На лице Севера промелькнула мелкая дрожь, чёрные глаза его стали непослушны, словно поплыли там, в глубоких глазницах. Вот такого командира не любили его сподвижники.

– А мне такие и не нужны, – прошипел Север. – Приведите ко мне хоть одного варвара, у коего в очах отродясь не бывало ни капли страха, какой, Эмилий Папиниан, соизволит со мной – облечённым римской властью, поговорить. А я почту за честь с ним беседовать и день, и ночь!.. Целый месяц – от календы до календы. – Премного растревоженный Север справлялся с порывом. – Но восхочет ли он-то со мной разговаривать – вот вопрос!? – Легат призвал всех в тот миг отшатнувшихся к ответу.

– В твоём воинстве полно варваров...

– Они уже с наживкой во чреве... И потому-то они здесь... – страшно расстроился Север, настала очередь отворачиваться ему.

– Ты сам давал им лучшее оружие, ты назначил плату каждому.

– И потому они уже не истые варвары – они на пути к гадливому Риму, – сник легат. – И они, каждый из них, я уверен, с тлетворной мыслью о планах своих. Они будут более слушать и внимать – к какой кормушке я подведу их завтра.

– Так нет же других людей в ойкумене!

– ...Нет, – замотал головой Септимий Север. – Нет. Ты прав, Цессий Лонг, – кудри не открывали лица полководца – он сник. Отойдя чуть, он стал взирать в пустые небеса и поводить губами.

Цессий Лонг, ждавший случая, подошёл к уединённому командиру, нависнув над плечом, доложил.

– С Тавра прибыли посыльные – они приближаются опять.

– Воюют ли?

– Их прогнали и разбили.

Севера сообщение отчасти успокоило, он сменил тон.

– Ну и ладно – в моей душе уж нету места драке.

– Ой ли, Септимий?

– Раньше плод в руке своей крошил – теперь о ножичек секу.

– Речёшь стихами – не пора ли править в Рим?.. – буркнул, таясь от прямого взгляда, подступивший Папиниан.

– Ай, не томи, обращённый перст всех замыслов моих, – Север поворачивал всего себя Эмилию Папиниану. – Куда позвать меня ты ныне обещался? Ведь в Рим попав, ты, праздный волокита, на старика не взглянешь в тот же миг, – придерживаясь выбранного тона, вновь спрашивал чтящий мелодичный слог командор.

– Нет нам причин за солнце не над нами сбивать стопы и влечься в никуда, – Папиниан был изощрён в такой манере слога.

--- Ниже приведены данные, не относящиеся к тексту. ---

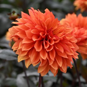 Dekorative Dahlie. Die orangefarbenen Blüten bilden einen schönen Kontrast zum dunklen Laub. Blütengröße 12 cm.
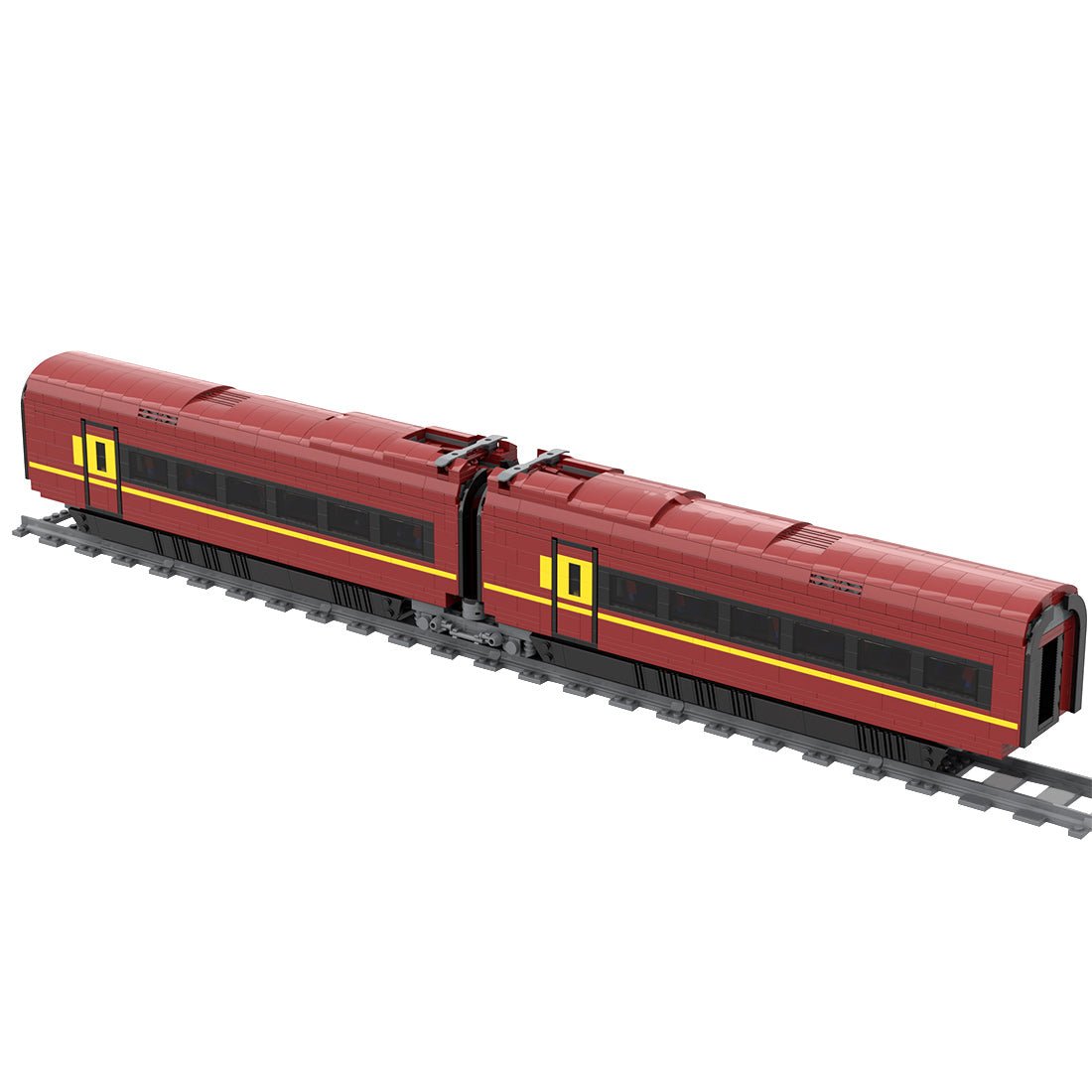 Entworfen und autorisiert von Gabriele. Basierend auf der Club Executive Class des Hochgeschwindigkeitszuges AGV-575. Das gesamte Produkt bildet die purpurrote, stromlinienförmige Erscheinung des Hochgeschwindigkeitszuges originalgetreu nach, der in elf Waggons und vier Teile unterteilt werden kann. Dies ist das Modell C4 C5 – alle in der „Prima Business Class“ und mit Stromabnehmern ausgestattet. Es kann frei ausgewählt und mit anderen Teilen zu einem kompletten AVG-575-Zug kombiniert werden.

– Я отчего-то – и в том твоя вина – стал чувствовать страдание от рифм и слов таких... и смысла непростого?..

– Не мучь себя, ища понятной доли. Судьба как нить – имеет два конца, узор из нитей – это паутина.

– Где ж тот паук, что всё так хитро сплёл?

– И полчище паучьих брюх не выплетут такого хаоса рисунок! Нужна здесь голова, чтоб всё так путано устроить. Паук же сам слуга своих шагов и устремлений злобных...

– Все, кто злобны, – они всесильны и словно спрут манят всё, что вокруг, к своей бездонной пасти.

– Ты ж всё твердишь о пасти и о власти... Когда ж ты был бы не такой – когда б не влёк ты нас к той заповедной сласти!.. То нас с собой ты рядом не увидел.

– Всё хватит, предовольно! Переговорил старания-страдания мои, перемудрил... и правды все святые переврал скверней паучьего бедлама! – отмахнулся Север от остроумного юриста.

– Тебе что, безобразно от меня? Ведь сам ты отдал предпочтение сему приёму, и выбор твой по вкусу твоему...

– Опять же рифма та, и снова бредни без просвета. Прошу тебя, уйми его, дружище Лонг.

– Правь в одночасье манипулы к Истру, – поддержал призыв Эмилия Цессий Лонг и, увлечённо засмеявшись, добавлял. – Гордиевы узлы, не то что эти кружева, – вполне достойно Палатинских сплетен.

Север ото всех отмахивался и уходил. Лонг улыбался и подмигивал всей публике, что слышала конец его с Эмилием и Севером беседы.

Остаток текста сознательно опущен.